(Records from a collection)

┄┄┄┄┄┄┄┄┄┄

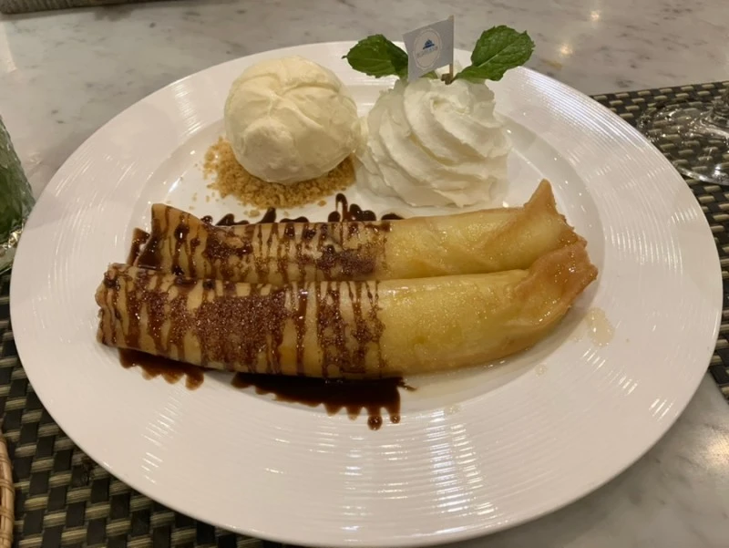 튀긴 바나나에 초코시럽, 시나몬가루를 뿌려서 아이스크림, 생크림과 함께 나오는데 함께 먹으면 정말 디저트로서 일품입니다.
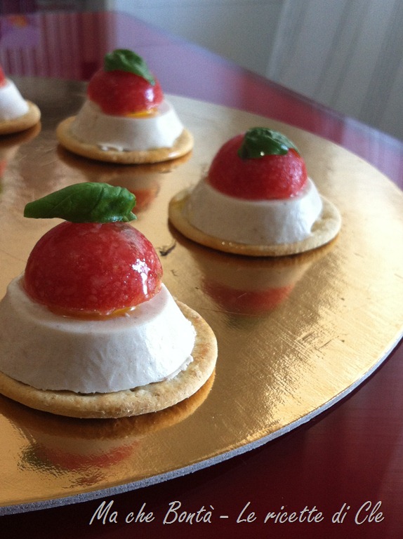 What are we talking about? what is this? Here it is on a round cracker a small tuna“panna cotta” and a tomato gelée. I propose you this fancy shape but, should you have not the right molds, I wil also show you a simple way to serve it! You can store them in the freezer and assemble them whenever you are guests for dinner! every body will love them, I assure you!
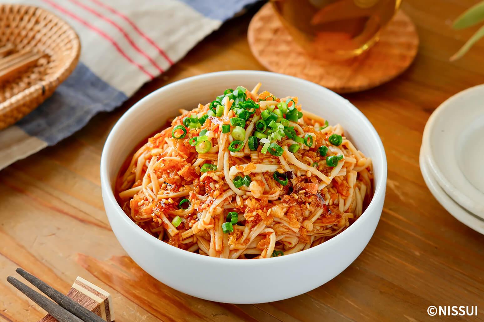 えのきとザクザクラー油の食感、コチュジャンの甘辛さにやみつき!ビール、焼酎、日本酒と相性抜群です。しかも調理は電子レンジでOK。簡単すぎてますますやみつき⁉
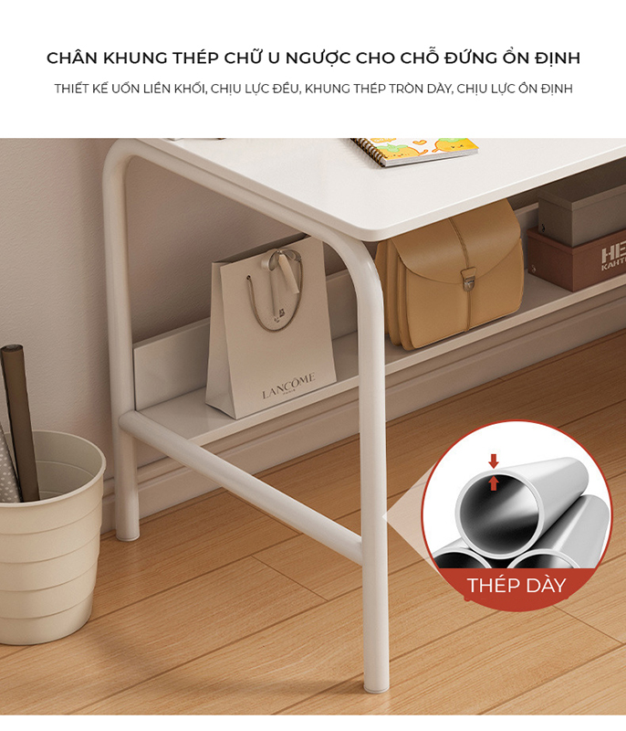 Chất liệu: Chân thép phủ sơn tĩnh điện, mặt gỗ mdf phủ melamin chống xước
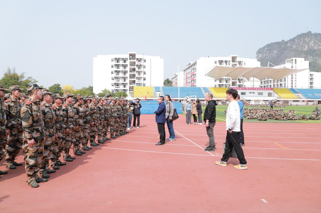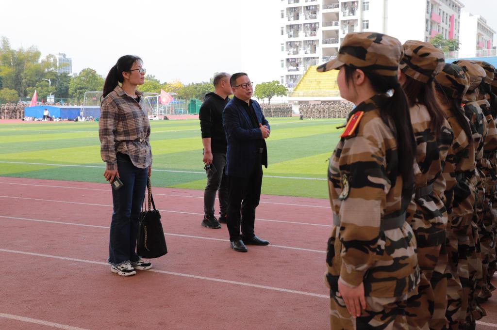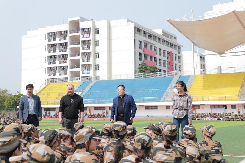 3月14日上午,公司领导到东区田径场看望公司参加军训的2022级员工,全体辅导员与新生班主任一同前往看望军训新生。
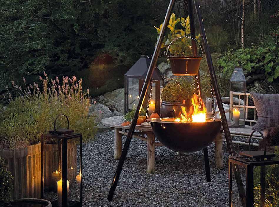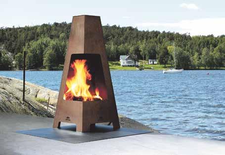 grill med sidobänk, vindskydd och grillgaller, lika enkelt som genialt! Andra exempel på okonventionella eldstäder är Espegards sortiment av bålpannor och Jøtuls vedkaminer i cortenstål, ett material som även Glowbus och Tommre tillverkat sina vedkorgar av. Även gaskaminer från Planika finns tillverkade i corten. ”En eldstad i corten klarar av att stå ute året om och blir bara vackrare med åren”, säger Jonas Svensson. ◆
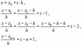 Полученное выражение может аппроксимировать данную функцию y = f(x) на всем отрезке изменения аргумента [x0, xn]. Однако, более целесообразно (с точки зрения повышения точности расчетов и уменьшения числа слагаемых в полученной формуле) ограничиться случаем t < 1, то есть использовать эту формулу для x0, x, x1. Для других случаев вместо x0 принять xi, если xi x xi+1 при i = 0,n-1.
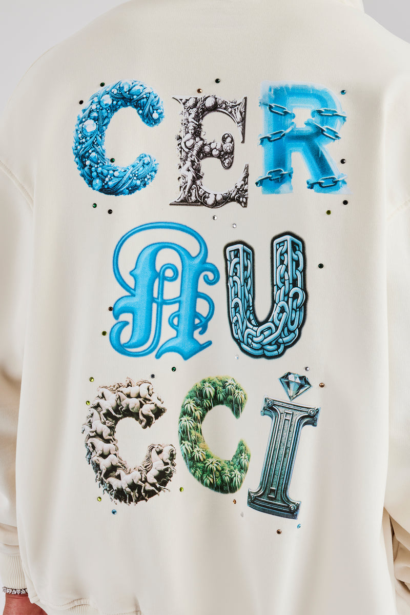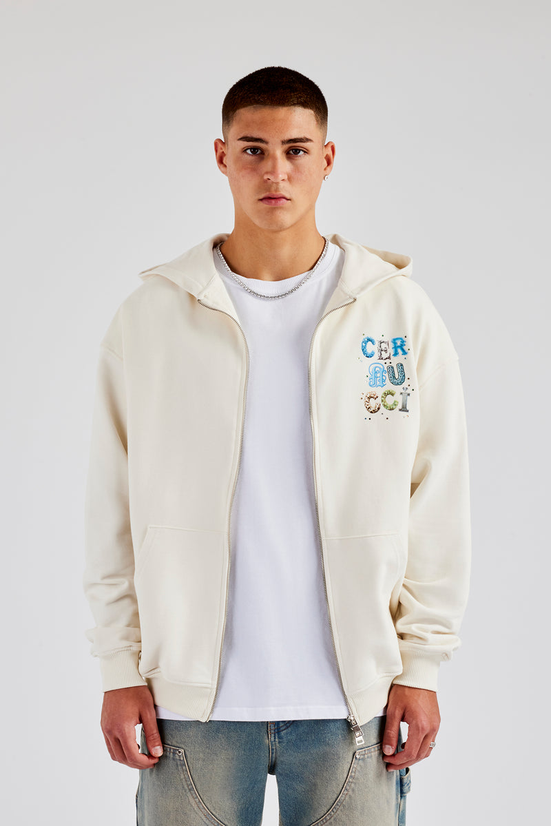 Cernucci letter rhinestone zip through hoodie. Oversized fit in a heavy weight, soft touch cotton.
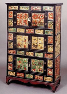 華角は韓国独自の工芸品で、牛の角を加工して透明の角紙を作り、それに絵画や彩色を施して木質工芸に貼り付けて装飾したもの。
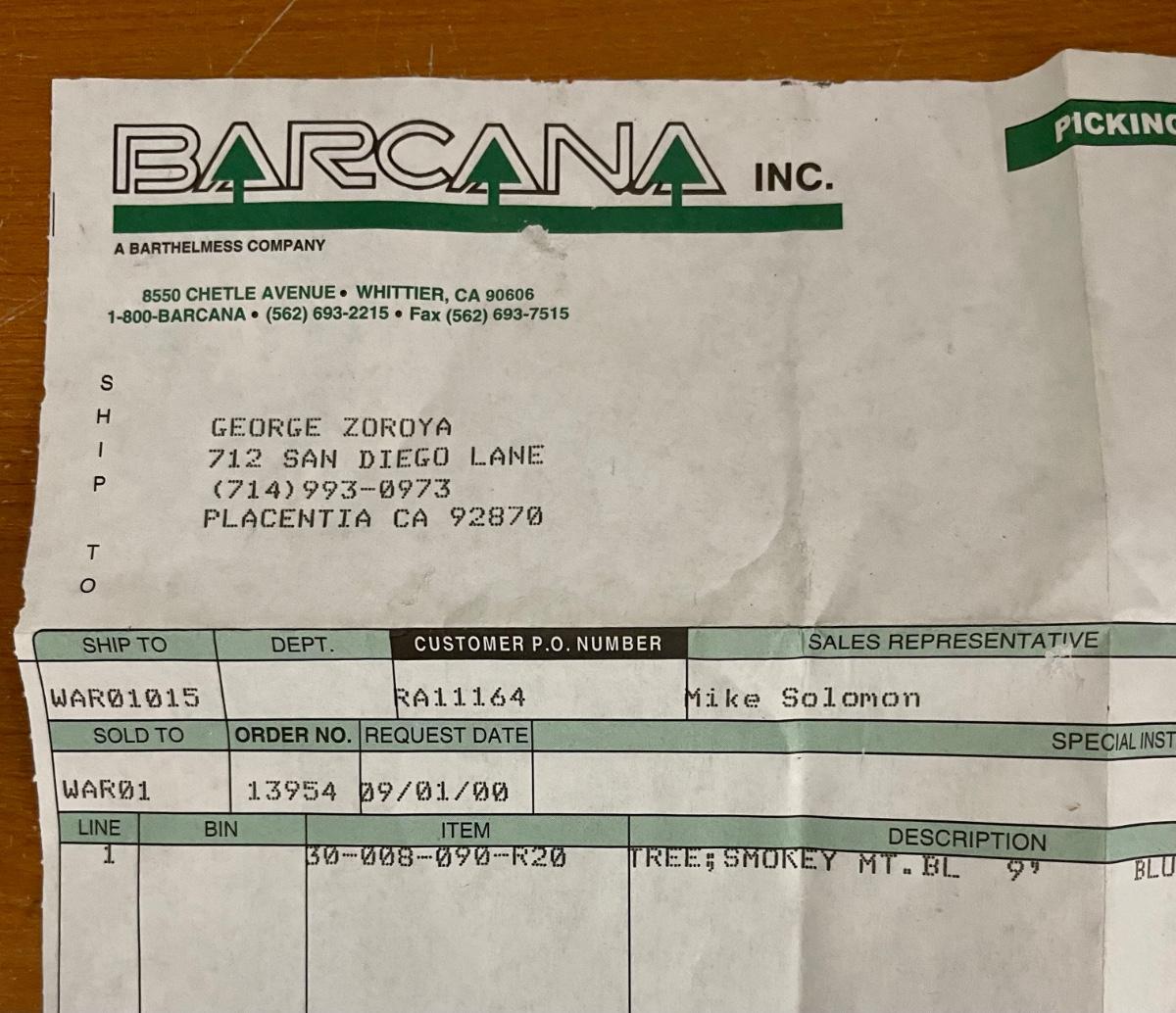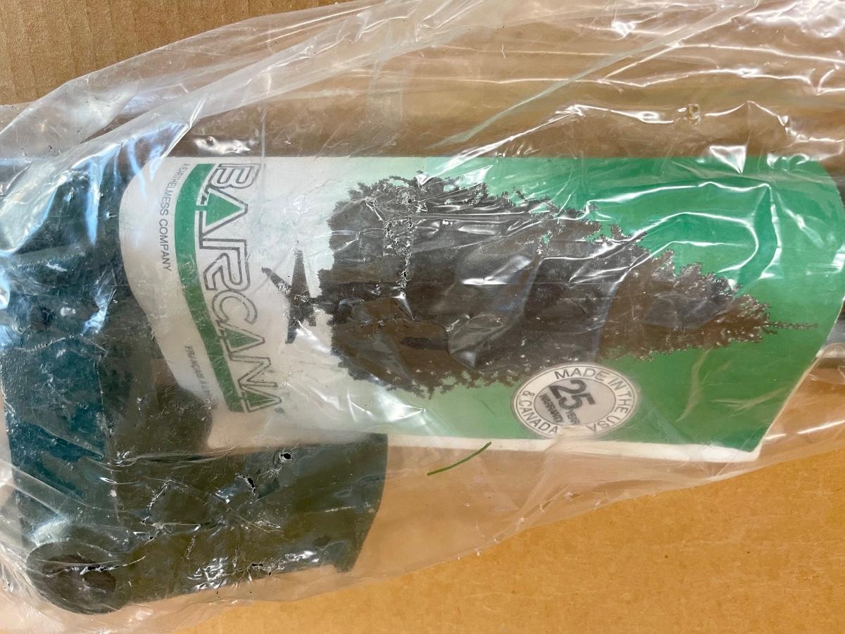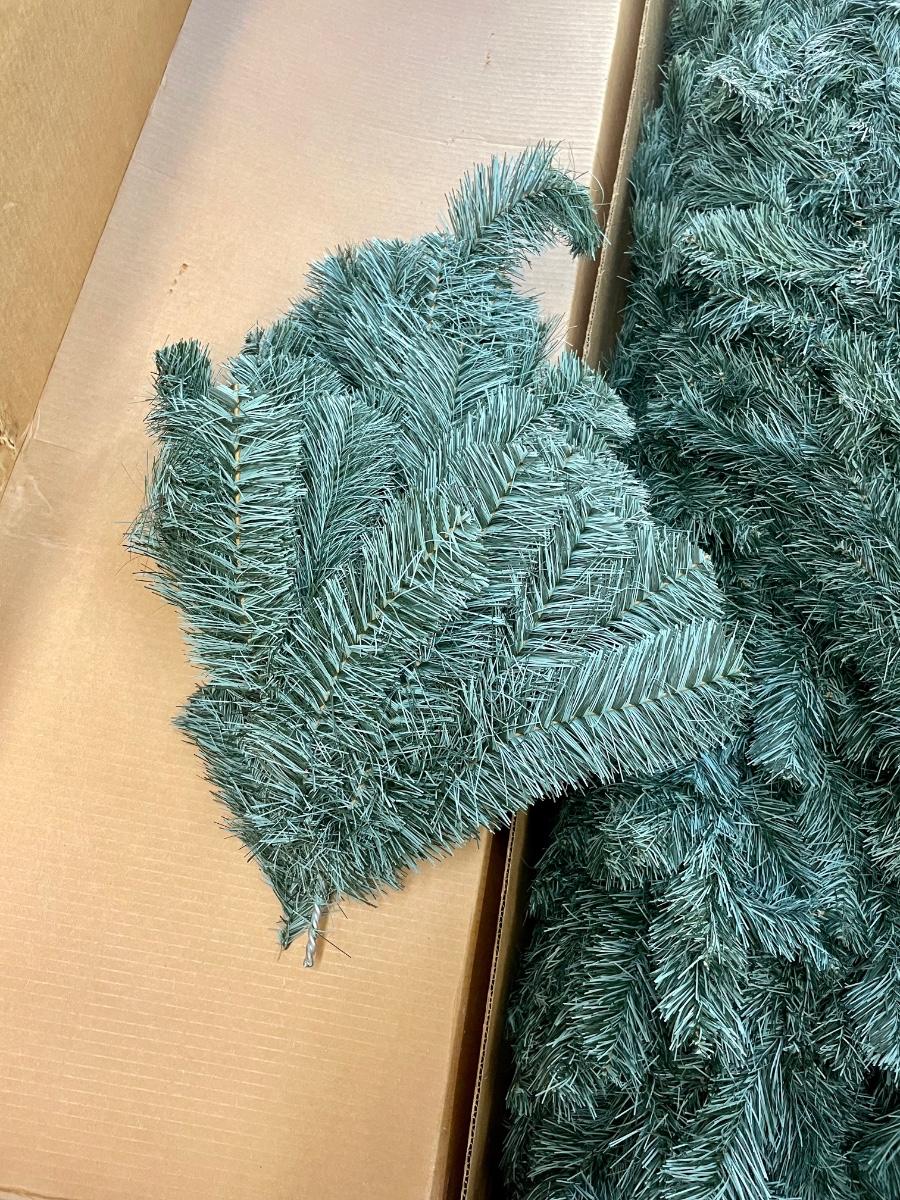 Barcana 9' Artificial Unlit Christmas Tree. Appears to be unused, stored inside original box. Has metal stand and instructions.

┄┄┄┄┄┄┄┄┄┄

For this exercise, transcribe exactly the part of the records above that opens with the line containing "Chất liệu: Chân" and closes with the one containing "Полученное выражение может". Pictures are not part of the copy.

● TASK ANSWER:
 Chất liệu: Chân thép phủ sơn tĩnh điện, mặt gỗ mdf phủ melamin chống xước
 3月14日上午,公司领导到东区田径场看望公司参加军训的2022级员工,全体辅导员与新生班主任一同前往看望军训新生。
 grill med sidobänk, vindskydd och grillgaller, lika enkelt som genialt! Andra exempel på okonventionella eldstäder är Espegards sortiment av bålpannor och Jøtuls vedkaminer i cortenstål, ett material som även Glowbus och Tommre tillverkat sina vedkorgar av. Även gaskaminer från Planika finns tillverkade i corten. ”En eldstad i corten klarar av att stå ute året om och blir bara vackrare med åren”, säger Jonas Svensson. ◆
 Полученное выражение может аппроксимировать данную функцию y = f(x) на всем отрезке изменения аргумента [x0, xn]. Однако, более целесообразно (с точки зрения повышения точности расчетов и уменьшения числа слагаемых в полученной формуле) ограничиться случаем t < 1, то есть использовать эту формулу для x0, x, x1. Для других случаев вместо x0 принять xi, если xi x xi+1 при i = 0,n-1.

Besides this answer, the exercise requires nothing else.